North Carolina State Treasurer Dale Folwell would like to find out the cost of the health care the state is providing to over 727,000 employees and their dependents.

Most everyone who has ever look at a bill for any kind of medical care in the past ten years has been mystified by what it means.

Folwell who has been put in charge of the state healthcare system seems to be asking a reasonable question, why is the state being charged whatever it is being charged for medical procedures.  Most people don’t think they have the clout to go head to head with the health care industry.  Folwell thinks by spending more than $3.3 billion a year on health care the state does and he has proposed a major change to the way the state pays for medical care.  He calls it the Clear Pricing Project.

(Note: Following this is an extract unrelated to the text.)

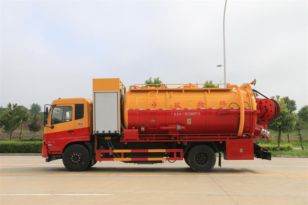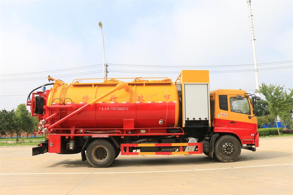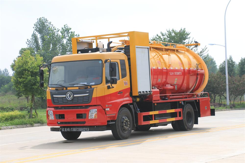 15方清洗吸污車-東風(fēng)天錦15方10+5清洗吸污兩用車-帶副發(fā)動(dòng)機(jī)圓罐紅黃色

The current system appears to be that the health care providers charges whatever they want and since they won’t let the person paying the bill, Folwell, see the bill, he has no ability to question those costs.  Certainly mistakes are made, but how would anyone know, since no one is allowed to see the actual bill.

What Folwell plans to do is base the amount paid on what Medicare pays and his proposal is for the state to pay and average of 77 percent more than Medicare.  This gives the state a cost basis.

But the hospitals don’t like the idea of having some controls put on what they charge and now the legislature has become involved.  State House Bill 184 which was making it’s way through the House committees, would stop Folwell from implementing the Clear Pricing Project, in 2020 as he planned.

Folwell said, “The Clear Pricing Project pushes the power away from us and down to the consumer.”  He said his plan would result in savings of about $60 million the first year.

Folwell said that on the downside, “If we are not successful this plan is insolvent.”  He said the funding from the General Assembly was going up 4 percent a year but health care costs were going up much higher than that.

As elected bodies like to do, House Bill  would appoint a committee to study the issue and then probably have three or four subcommittees to study the sub-issues and with any luck at all the legislature can get the whole reform put on hold until after the election in 2020.

By the way it is no small amount of money, under the current system the state healthcare system represents a $32 billion unfunded mandate.

The good news from Raleigh is that there is no companion bill in the state Senate.  It doesn’t mean that the Senate might not pass some kind of bill, but it does indicate that right now the state House and the state Senate are not on the same page when it comes to the state healthcare plan.

The House can of course pass anything it wants and it will have absolutely no effect unless the Senate agrees.

It’s hard to see why Folwell should not at the very least be able to find out what the state is paying for when it receives a bill for a medical procedure.  In fact it seems like something we should all be able to find out.